Lightweight annotation tool for NLP datasets, used by 2 research labs

PythonFastAPIReactSQLite

The problem

I kept needing labeled data and every existing annotation tool was either (a) a SaaS with per-seat pricing that academic budgets can't handle, or (b) a local tool that required a PhD in configuration to run.

I wanted something you could clone, run with python app.py, and be annotating in under 2 minutes.

What I did

Built a minimal annotation tool focused on classification and NER tasks. FastAPI backend with SQLite (no Postgres setup required), React frontend with keyboard shortcuts for everything, and a simple CSV/JSONL export.

Key design decision: no user authentication.
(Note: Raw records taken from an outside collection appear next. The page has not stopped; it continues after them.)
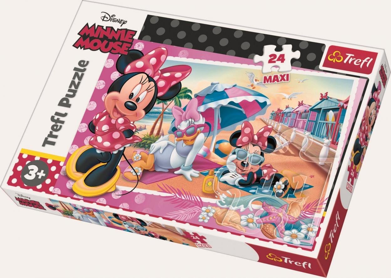 Puzzle składające się z 24 bardzo dużych elementów, zaprojektowaną z myślą o wszystkich fanach i fankach Myszki Minnie. Po ułożeniu układanki powstanie duży obrazek, o wymiarach 600x400mm.
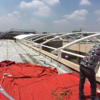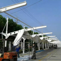 膜结构使用寿命及特点:膜结构车棚的篷布材质是膜结构,而膜材的特点是强度高、耐久性好、防火难燃、自洁性好,不受紫外线影响,使用寿命长,一般15-30年。具有高透光率,透光率为13%,对热能反射率73%,热吸收量很少。正是因为这种划时代的膜材料的发明,使膜结构车棚成为现代化的建筑。
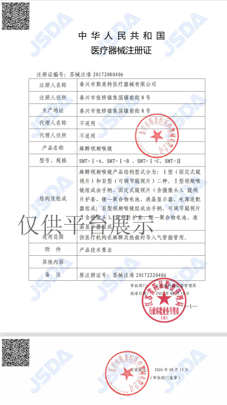 | 產(chǎn)品名稱 : | 斯美特醫(yī)用可視喉鏡SMT-II |
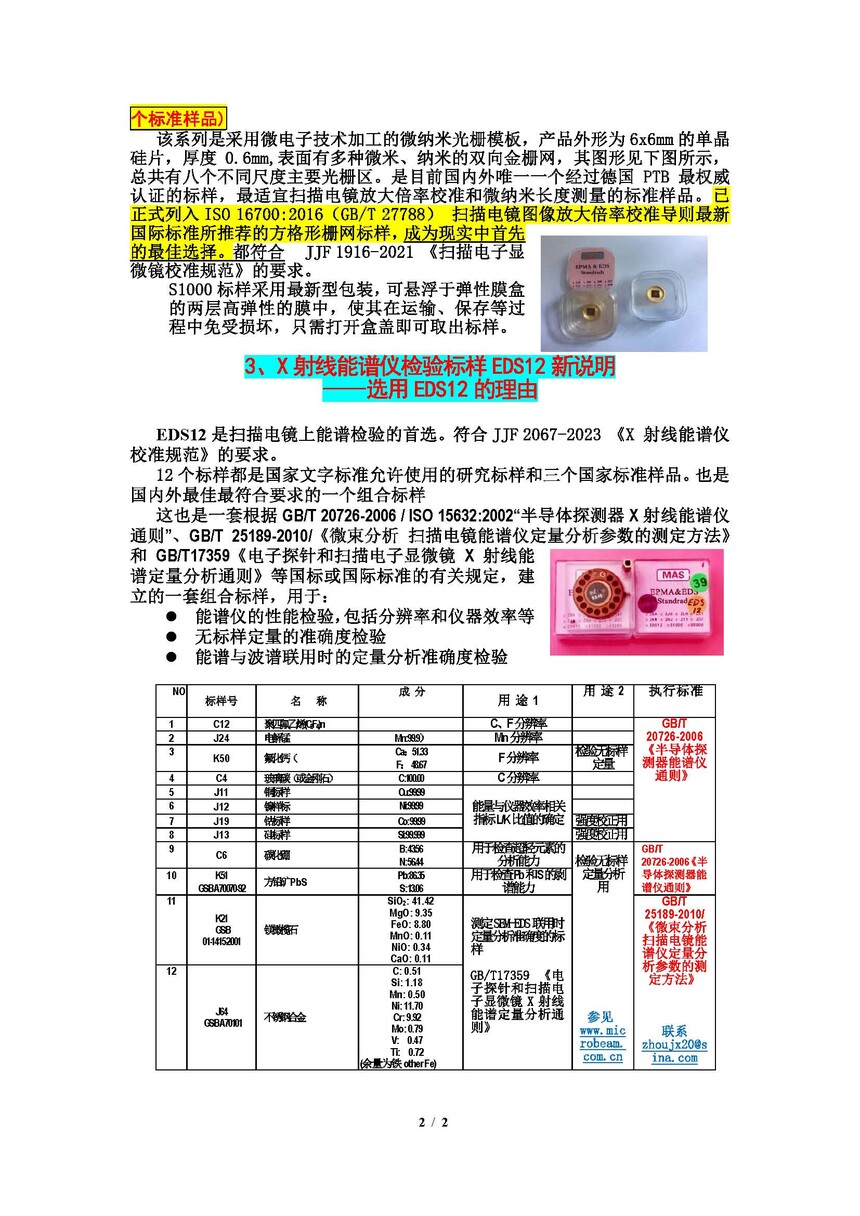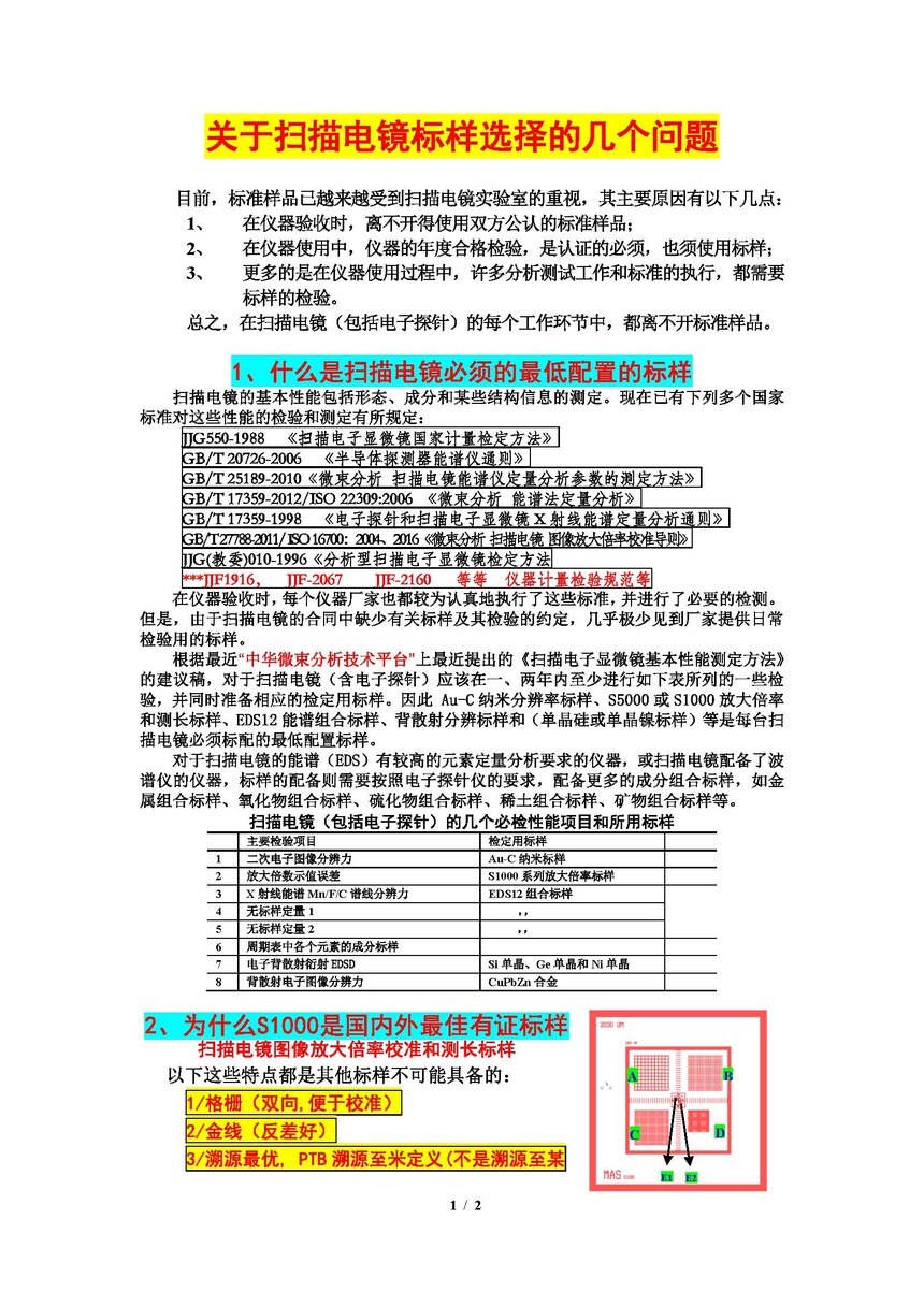 关于扫描电镜标样选择的几个问题
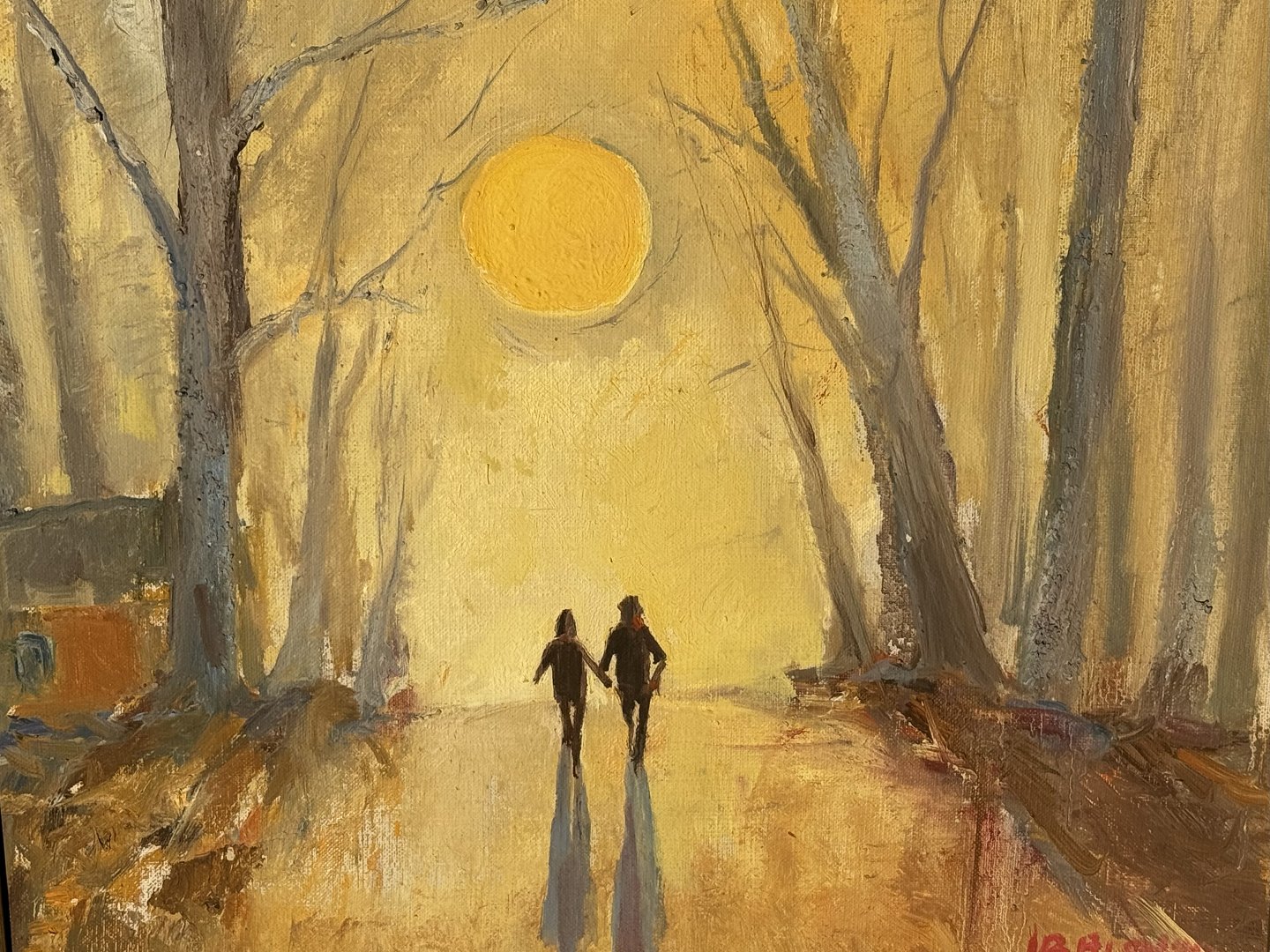 Ib Eisner, The Boys in the Deer Park Winter Sun, Oil painting on canvas, 40x34cm without frame, 59x53cm with frame *Good condition*
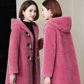 泰迪熊大衣女2022冬季新款羊剪绒中长连帽羊羔毛皮...
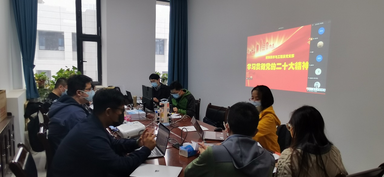 为深入学习宣传贯彻党的二十大精神,坚持不懈用习近平新时代中国特色社会主义思想铸魂育人,2022年11月10日下午,材料科学与工程系党支部在北校区材科系办举行党的二十大精神专题学习研讨会。会议由支部书记耿九光主持,材料科学与工程系全体教师线上、线下同步参加。
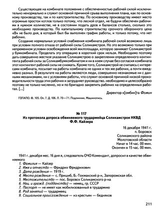 Из протокола допроса обвиняемого трудармейца Соликамстроя НКВД Ф.Ф. Кайзера. 16 декабря 1941 г., п. Боровск Соликамского района Молотовской области // ГОПАПО. Ф. 643/2. Оп. 1. Д. 84031. Л. 7-8 об. Подлинник.
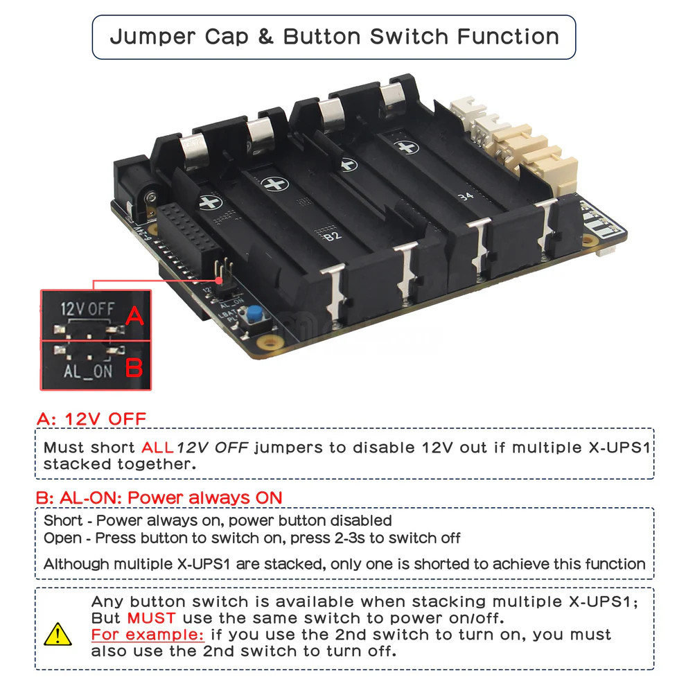 - Only one AL_ON jumper cap should be shorted to enable the Always Power On function when stacking multiple X-UPS1 shields.
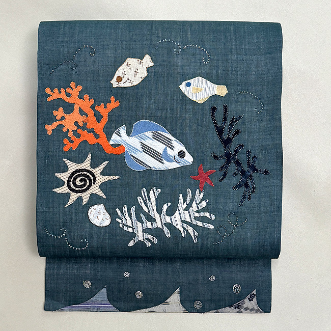 ブルー麻地海中文様コラージュの名古屋帯 帯24-06-63 ご売約済 長さ:9尺8寸(約372.4cm) 帯巾:8寸2分(約31.2cm)
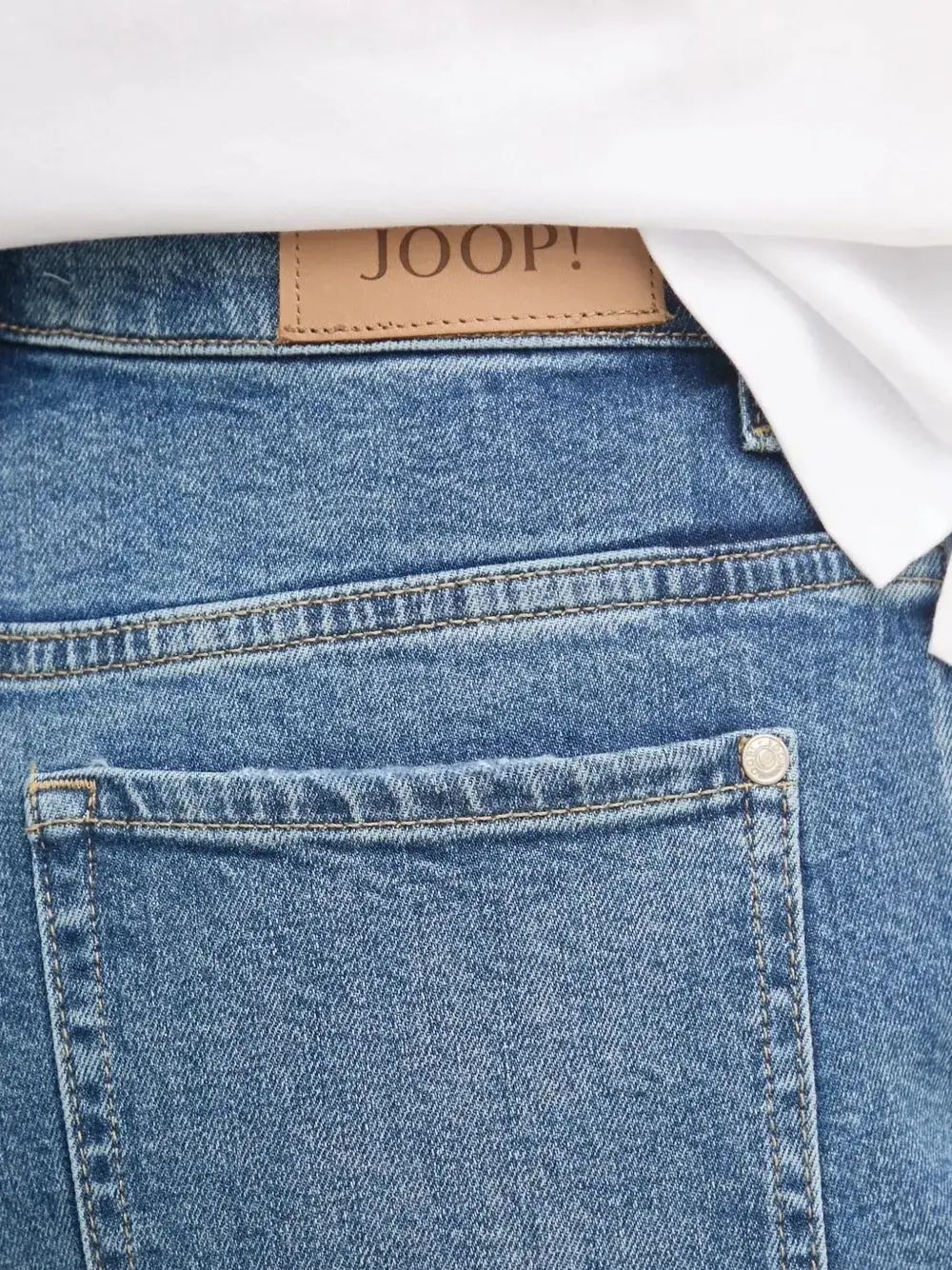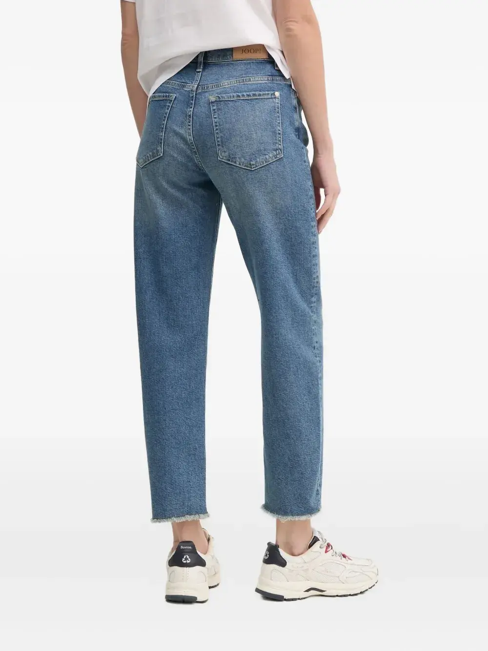 Синяя кожаная нашивка с логотипом и бахромой на подоле, пять карманов

If you're using this, you're a researcher running it locally. Auth adds complexity without adding value in that context.

Added multi-annotator support later — you can assign tasks and compute inter-annotator agreement (Cohen's kappa) directly in the UI.

What I learned

SQLite is underrated for tools like this. It's a single file, you can email your database, and for anything under 10GB it's fast enough that you'll never notice the difference from Postgres.

The keyboard shortcut investment paid off enormously. Once annotators memorize 5 shortcuts, their throughput roughly doubles. Time spent on that UX detail had the highest ROI of anything in the project.

Two labs ended up using it for unrelated projects, which was validating — it meant the scope was right.